I love Julia but am often puzzled about why Base does not make use of some of the things that make Julia great.
In base, the definition of missing is:
struct Missing end
const missing = Missing()
methods operating on missings, in turn, are defined on the ::Missing type signature.
I am absolutely puzzled why Base doesn’t base implement Holy Traits here? Why not define:
abstract type AbstractMissing end
struct Missing <: AbstractMissing end
const missing = Missing()
and then define methods operating ::AbstractMissing type signature, allowing developers to create alternative types of missing values? This takes one additional line of code (and would require refactoring type signatures of methods).
This might not seem like a big deal, but it is. “missing” is treated as equivalent to “I don’t know what the value actually is”. But there are different ways in which “I do not know” and these can really matter.
Suppose we have a panel of data:
id month x Lag(x) Lead(x)
1 1 100 missing missing
1 2 missing 100 120
1 3 120 missing 105
1 4 105 120 missing
The missing in column x probably means that the data was not entered or was not applicable in that period for person 1. The missing in the first-row column Lag(x) means that the person 1 had not yet entered the sample (had not joined the company, had not enrolled in the school, etc.). The missing in the last row of column Lead(x) means that the person exited the sample. These are not equivalent, and often must be modelled in different ways.
If x were a categorical variable, and you were estimating a transition matrix, ignoring differences in the type of missingness could cause serious problems, depending on the question.
Of course, there are many ways to keep track of this information, but the most direct way to keep track of this information is to have a type hierarchy:
In Base:
abstract type AbstractMissing end
struct Missing <: AbstractMissing end
const missing = Missing()
and functions like skipmissing would be defined on abstractmissing.

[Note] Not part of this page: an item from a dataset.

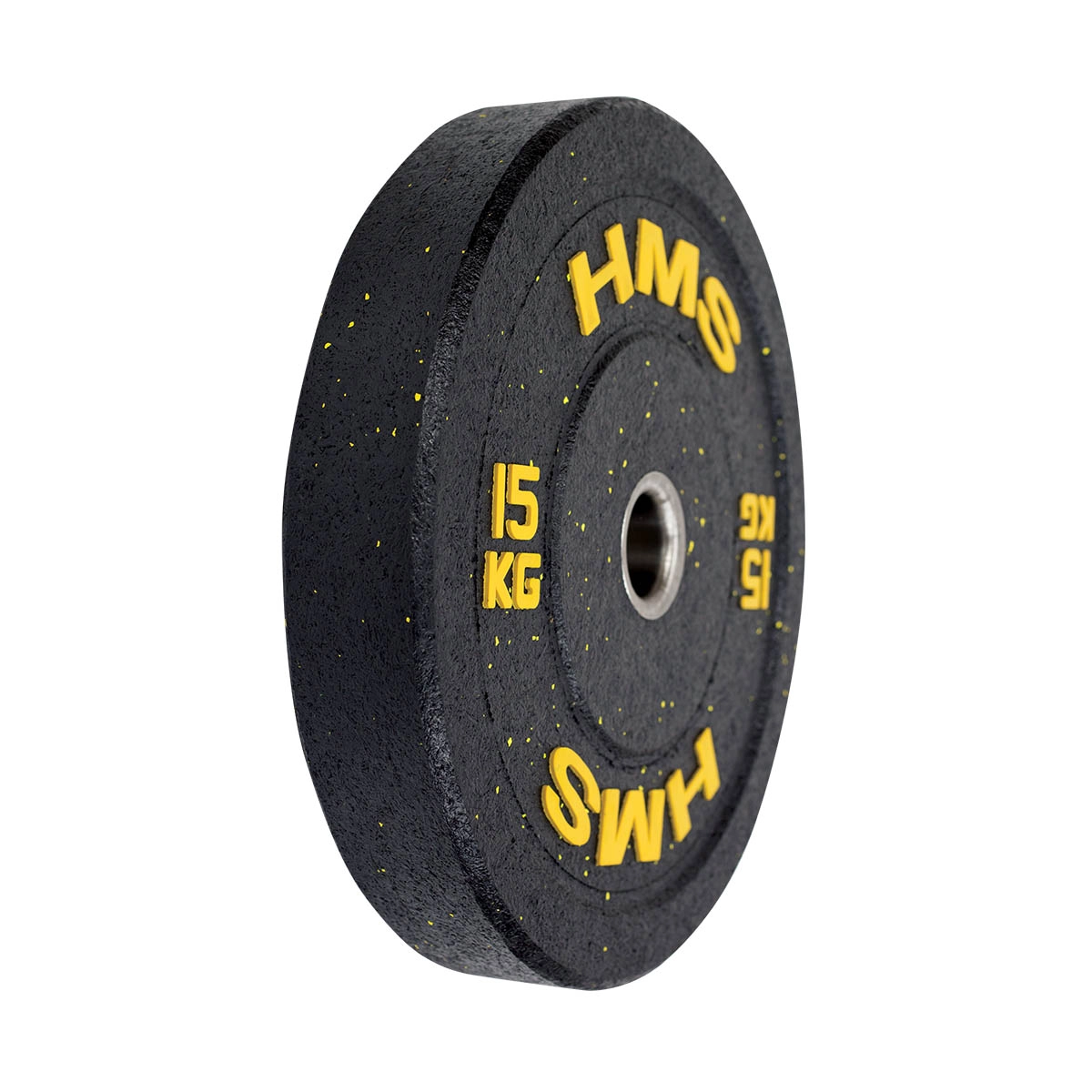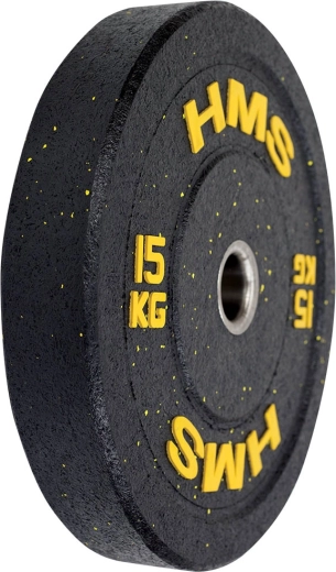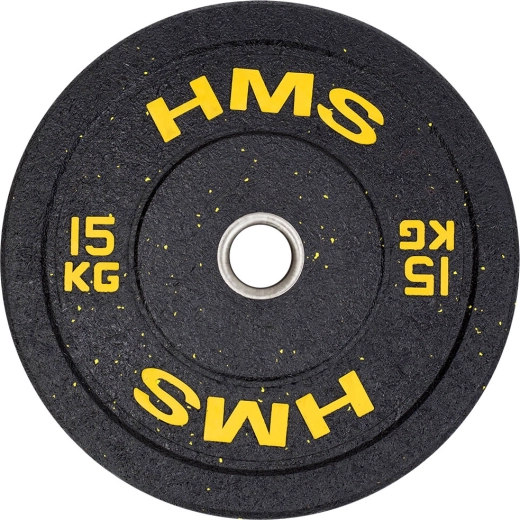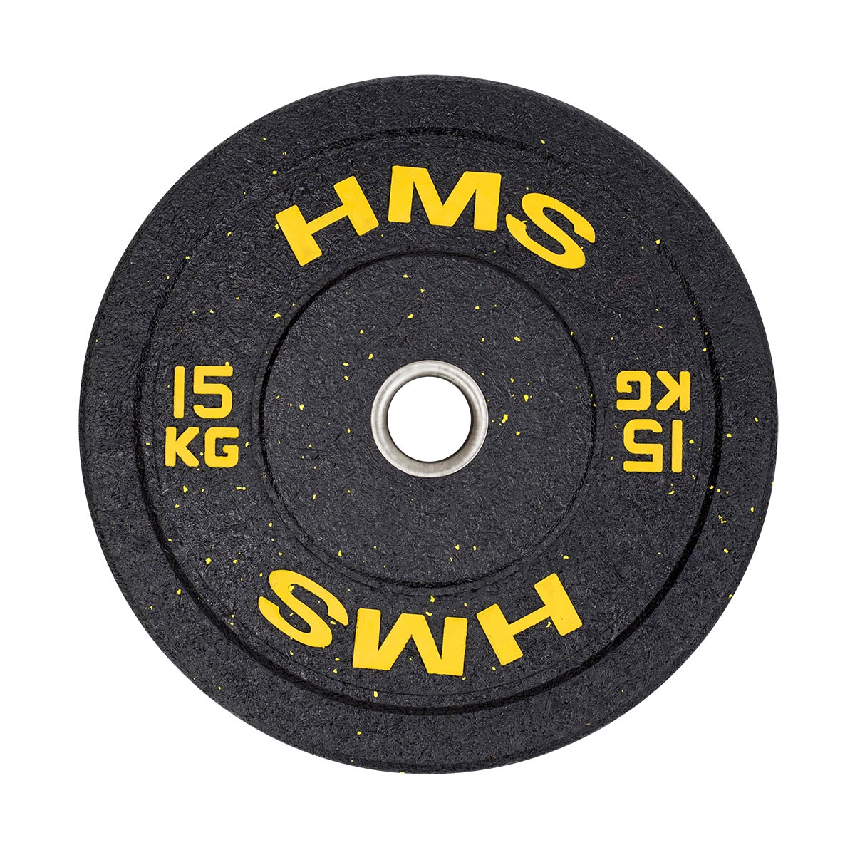 Train zeker en veilig met de olympische bumper schijf HMS 15 kg. Gemaakt van gehard rubbergranulaat dat schokken uitstekend absorbeert, de vloer beschermt en geluid dempt bij valpartijen. De stalen middeninzet garandeert soepel plaatsen op de stang en een lange levensduur, ook bij frequent gebruik.

Now we can keep track of relevant missingness information without throwing away the functionality developed in Base for missing. Do so in a separate package with:
abstract type AbstractOutOfSample end
struct BeforeSampleMissing <: AbstractOutOfSample end
const bs_missing = BeforeSample()
struct AfterSampleMissing()
const as_missing = AfterSample()
I am writing some packages that handle (e.g. simulate, estimate) data indexed at different levels and perform operations on data that take into account how the data is indexed (e.g. taking lags of a panel).
This is much harder than it needs to be b/c of the absence of AbstractMissing.
Related question about missings:
typeof(["a", missing]) == Vector{Union{String, Missing})
struct Bob end
const bob = Bob()
typeof(["a", bob]) == Vector{Any}
Why does julia infer a union parametric type when Missing is one of the types but infers any Any parametric type when Bob is one of the types? This is surprising to me given that bob is defined analogously to missing in Base.